With distant astonishment at her own efficiency, she heard her voice saying very clearly and reasonably: ‘I do beg your pardon, but I came to you as the nearest house. I’ve just pulled a man out of the river, two hundred yards or so upstream. I’ve been giving him artificial respiration, and I think he’s going to be all right, but we ought to get him into shelter as quickly as we can. Can you help me? Could we bring him here?’

After one stunned instant, for which she could hardly blame him, he reacted with admirable promptitude. The door opened wider than ever. ‘Come inside!’ he said. ‘I’ll call my colleague, and we’ll get the poor chap indoors at once.’

‘I could help you carry him in,’ she said. ‘We ought not to lose any time.’

‘Don’t worry, Lawrence is only a couple of minutes away. He has a scooter, he’ll be here in no time. You sit down by the fire, you’re wet and cold. I’ll be back directly.’ And he thrust her briskly into a small, book-lined room, and himself went on along a passage to the hall and the telephone, leaving the door open between them. She heard him dial, and speak briefly and drily, almost as though similar rescue operations landed on his doorstep every night. It might not be the first occurrence, she realised. People who live beside flood rivers are liable to be recruited from time to time. Certainly he wasted no time in calling up his reserves. After the click of the hand-set as the connection was cut, she heard him dial and speak once more.

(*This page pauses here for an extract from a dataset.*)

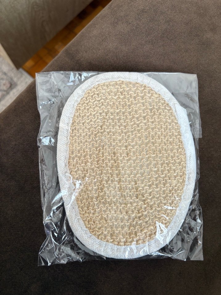 Bej oval banyo süngeri, nazik peeling ve temizlik için dokulu yüzeye sahiptir. Yumuşak ve dayanıklıdır.

When he came back into the doorway of the room where she waited, he had a duffle coat over his arm, and was carrying a folding garden-bed with a rigid aluminium frame and a patterned canvas cover printed with brilliant sunflowers. Incongruously festive for a stretcher, but she saw that it would serve the purpose very well.

‘If you wouldn’t mind coming along to light us on the way back? I’ve got a coach-lantern here in the garden room. I called the police, as well,’ he explained. ‘You may not know, but we had an officer here looking for a missing boy, earlier this evening. I hope you may have found him for them.’